Should everyone be taking statins?

Statins, also known as HMG-CoA reductase inhibitors, (which abbreviates a big chemical name) work by blocking this enzyme that is part of the body’s way of producing cholesterol. But they may do other good things.

Lovastatin (Merck’s Mevacor) was the first statin discovered as a naturally occurring compound found in oyster mushrooms and then extracted in the 1970’s. Oyster mushrooms grow on dying trees all over the world and are a delicacy in East Asian cuisine. But I digress.

Statins are already among the most widely prescribed drugs. Around 12% of US Americans are already taking them. They are cheap and safe and definitely save the lives of people who have already had a heart attack – secondary prevention – and people who have high levels of low density lipoprotein (LDL) cholesterol – primary prevention. There is evidence that statins might prevent or treat lots of other things and maybe everybody’s LDL levels should be lower. Maybe having LDL cholesterol levels that are too low is like being too rich.
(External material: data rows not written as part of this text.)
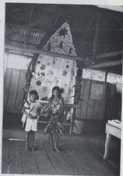
To honor Blessed Kateri, the altar was embellished with woven banana leaves and with banana and bamboo flowers.
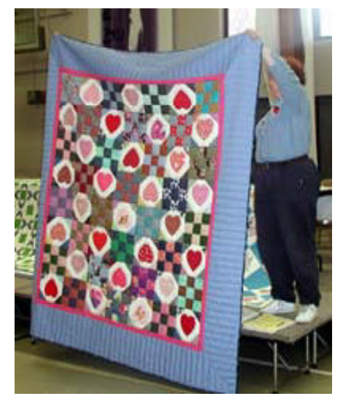
A heart quilt...ideal for entry in the 2003 show, "Deep In The Heart......"
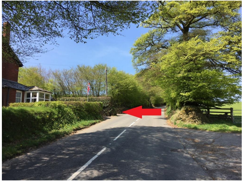
The Approach from Lynton and the North
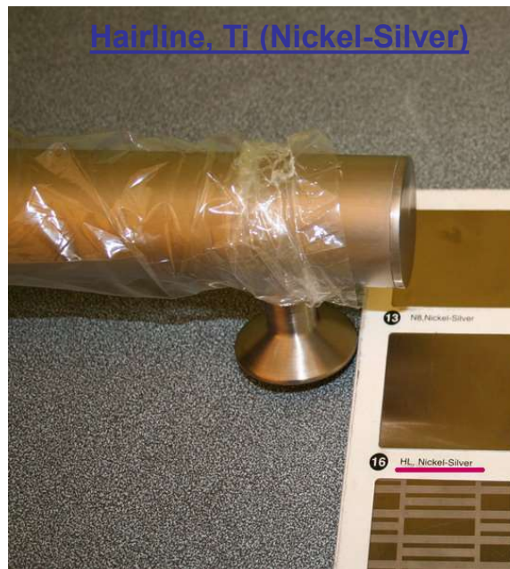
Hairline, Ti (Nickel-Silver)
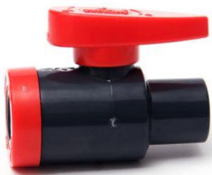
4G Compact Ball Valve
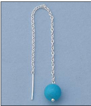
JE102778A7SL WT: 1.09/1.11 gm
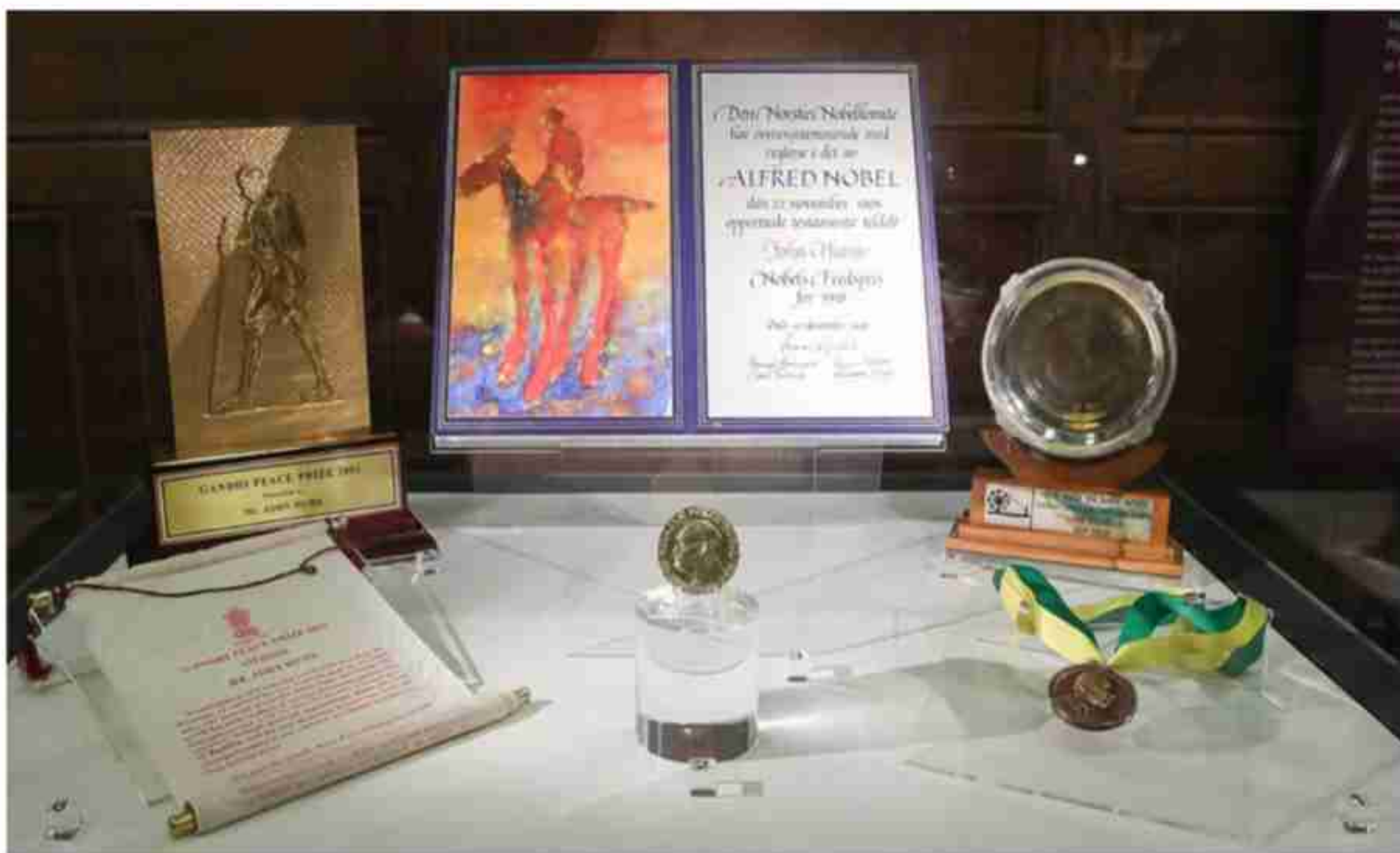
John Hume Peace Prizes Collection.
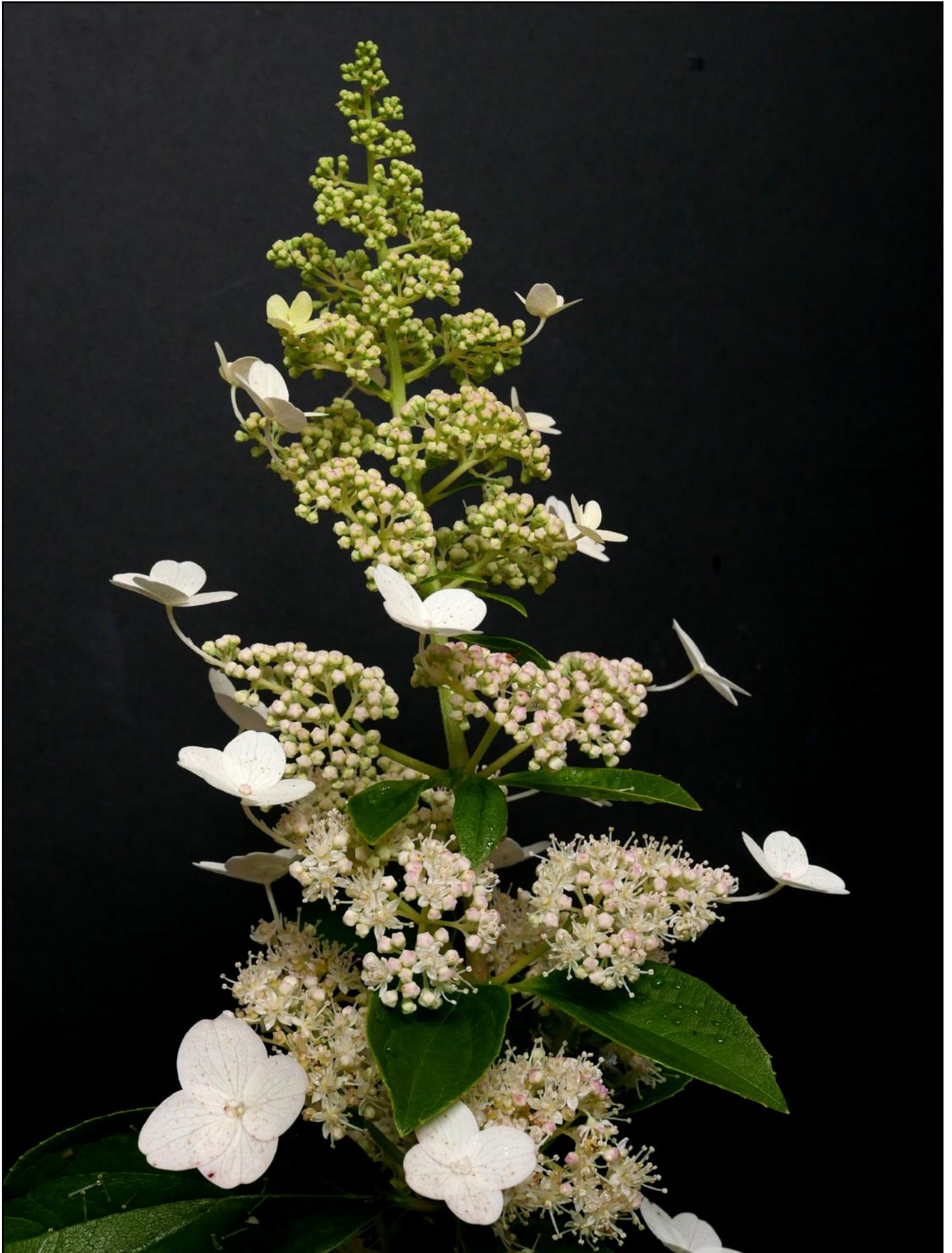
Hydrangea paniculata 'Great Escape' Acc: 801
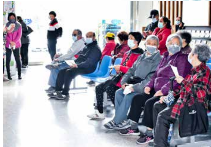
Through promotion, Kuanshan community members all adhered with hospital standards of wearing a mask when attending hospital.
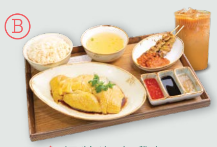
業招牌海南雞飯 Signature Hainan Chicken $128
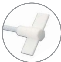
18900076 Straight impeller, PTFE-coated
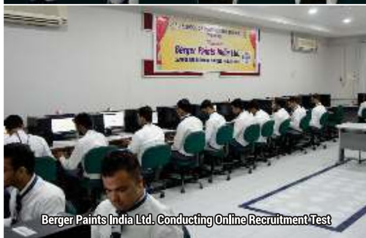
Berger Paints India Ltd. Conducting Online Recruitment Test
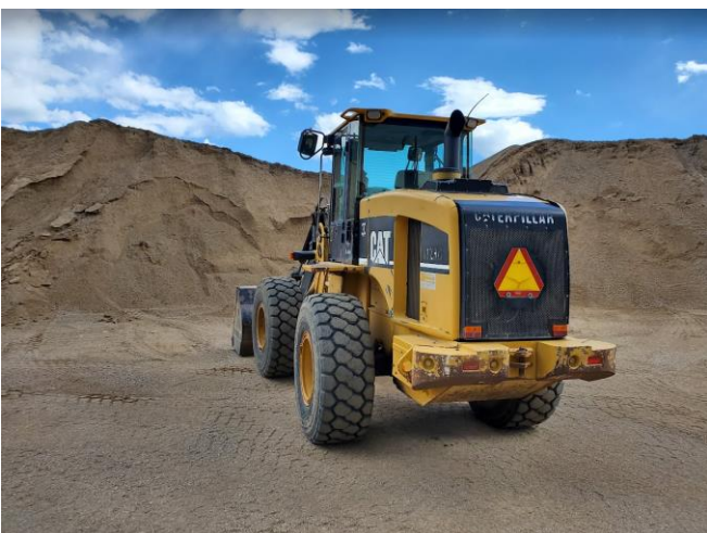
View to the south showing loader next to road base stockpile.
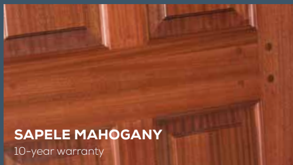
SAPELE MAHOGANY 10-year warranty
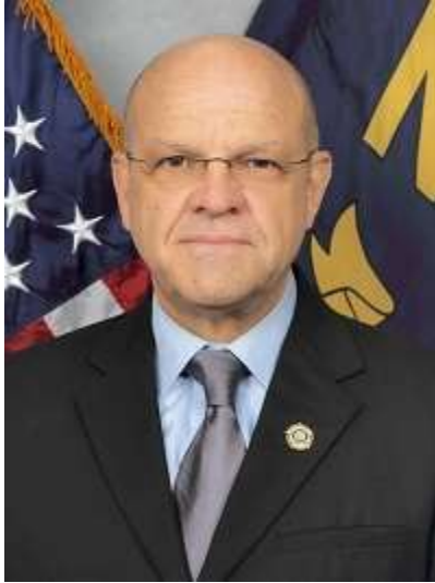
Sheriff Charles S. Blackwod

vehicles or anything that is out of the ordinary. Crime prevention tips and identification of scams were discussed at length. Community policing and building relationships with the varied communities served by the Sheriff of Orange County were among the topics of discussion. Lighter topics included the new uniforms, new police cars and a new logo.
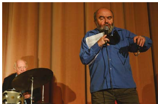
The Humphrey Lyttelton Band, back at The Rex Saturday 31st October, hosted by Andy Hamilton (above.)
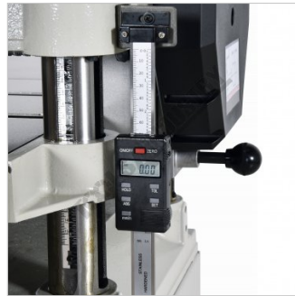
Digital Height Readout
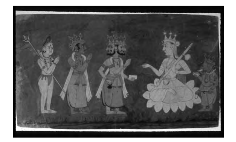
Adoration of Saraswati Gouache on paper Chamba, ca. 1800 Fine Arts Museum of San Francisco Achenbach Foundation for Graphic Arts Gift of Paul Wonner

What do you notice about these figures? How are they different from one another? How are they different from ordinary human beings? What kind of beings might they be? What are they doing? Which one is most important? How do you know?
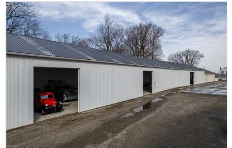
View of side of property featuring a pole building, metal roof, and an outdoor structure
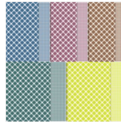
Glorious Gingham 6" X 6" (15.2 X 15.2 Cm) Designer Series Paper - 163170
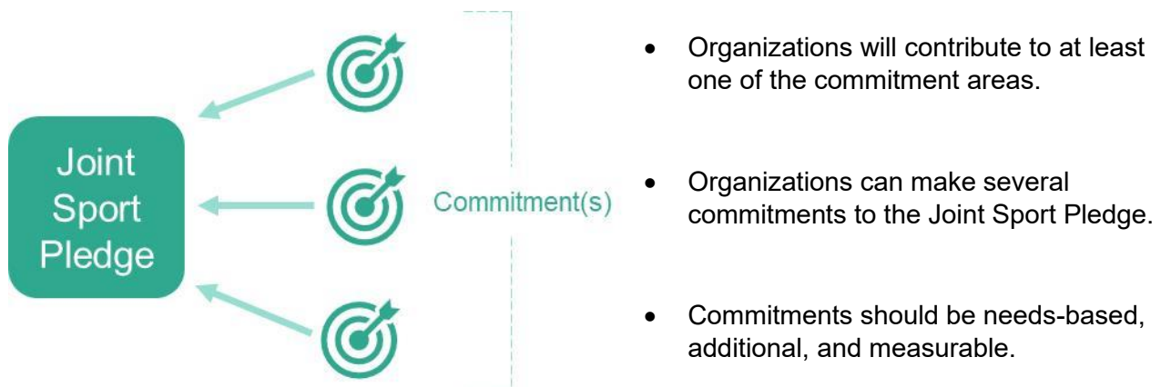
Figure 3: Pledge vs. commitment overview

Everyone can make a commitment. A commitment is unique to each organization or committing entity. A commitment details the actions you will take and the changes they will make, as a contribution to the overall Joint Pledge on Sport 2023.
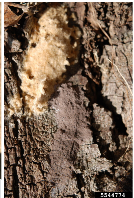
Look for egg masses on tree trunks at this time of year
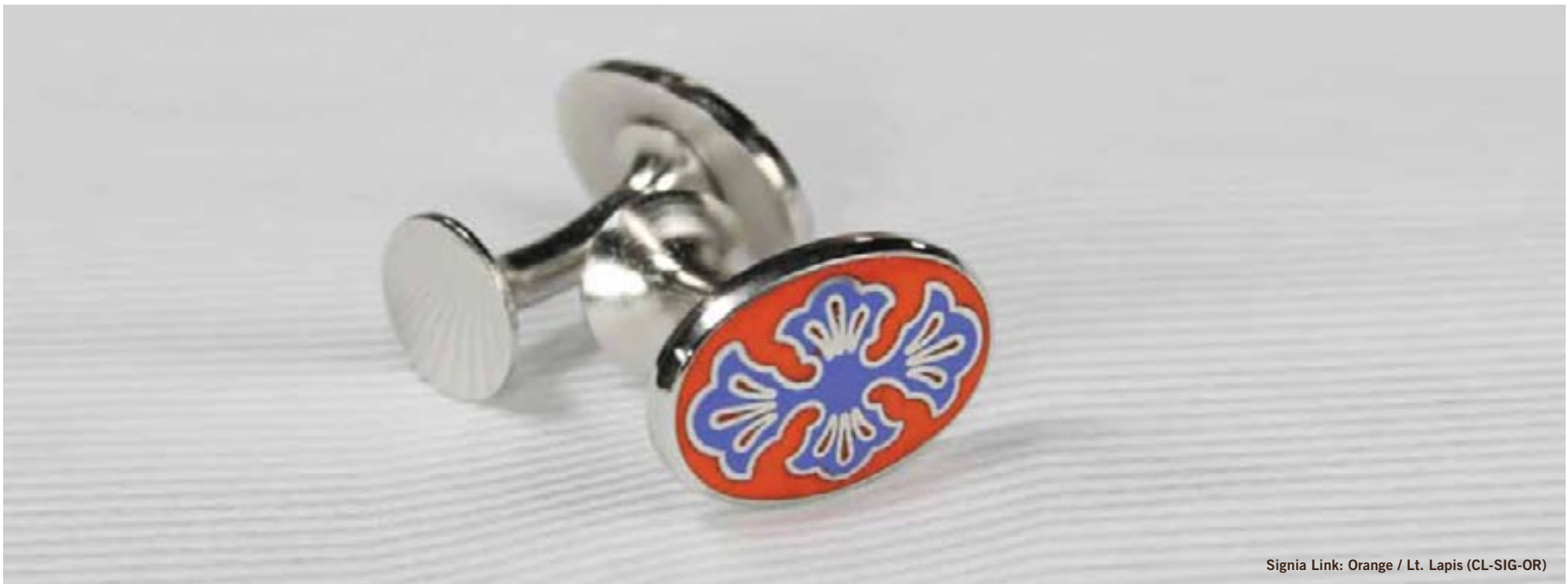
Signia Link: Orange / Lt. Lapis (CL-SIG-OR)
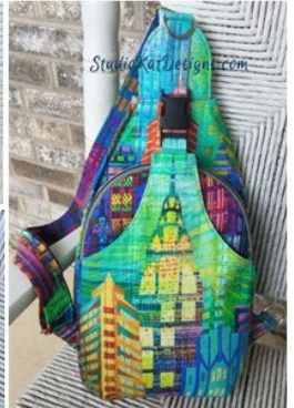
#4300- the Sling Along
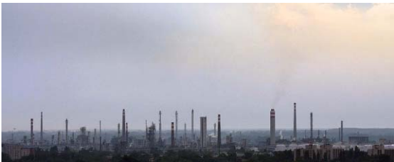
Slovakia, SlovNaft, (Petrochemical refinery), Bratislava

To study the first question, whether everybody should be taking statins to prevent non-cardiovascular diseases, egg heads from University of Edinburgh reviewed the evidence in a report in Annals of Internal Medicine.(1) They did a meta-analysis of meta-analyses that included 278 unique non-CVD outcomes studies. In the case of many types of cancer, chronic obstructive pulmonary disease (COPD), dementia, pancreatitis, and others—they found no convincing evidence that statins improved final outcomes in these conditions.

They did however find pretty significant but not conclusive evidence that statins decreased cancer mortality in patients who were already taking them prior to cancer diagnosis. “Clinical guidelines currently do not indicate the use of statins to improve cancer prognosis; however, our results are encouraging enough to merit further investigation,” the authors wrote. Statins were linked to fewer exacerbations of COPD. Exacerbations means winding up in the doctor’s office because of worsening symptoms. This isn’t a surprise because some evidence shows that statins have potential antiviral and anti-inflammatory effects, and respiratory viral infections are a major cause of COPD exacerbation. Also randomized clinical trials showed statins were associated with decreased all-cause mortality in patients with chronic kidney disease (CKD), which supports prescribing statins for these patients to reduce their long-term death risk. Finally, there was “suggestive” evidence of statin use and lower risks for Alzheimer’s disease, dementia, kidney injury, and infection.

It might be for all of these things that these ancillary benefits of statins were not primary. Instead they were just because they prevented cardiovascular disease (CVD) and that secondarily helped some cancer, COPD or kidney disease. For example the trial data also showed that cardiovascular-related deaths accounted for more than 40% of all deaths in patients with CKD and heart disease makes COPD worse of course.

As far as the potential harms from statins, such as induced diabetes and muscle disease, “the evidence had a relatively low level of credibility,” they wrote, so that doesn’t justify withholding statins out of concern for these potential harms.

However this review still doesn’t support making any changes to the current clinical recommendations for using statins for non-CVD conditions, the researchers concluded.

That doesn’t answer the second question. Should we all be taking statins to prevent CVD? How low can your LDL cholesterol go? Lots of people have heart attacks without LDL cholesterol levels in the range that current recommendations call for starting a statin. Why did God make LDL cholesterol? Would it kill you if your LDL cholesterol was zero?

I’m not taking a statin yet. Maybe next Thursday, though. We’ll see.

1. He Y et al. Statins and Multiple Noncardiovascular Outcomes: Umbrella Review of Meta-analyses of Observational Studies and Randomized Controlled Trials. Published: Ann Intern Med. 2018;169(8):543-553. DOI: 10.7326/M18-0808. Published at on 9 October 2018

2. John Murphy, MDLinx | November 16, 2018.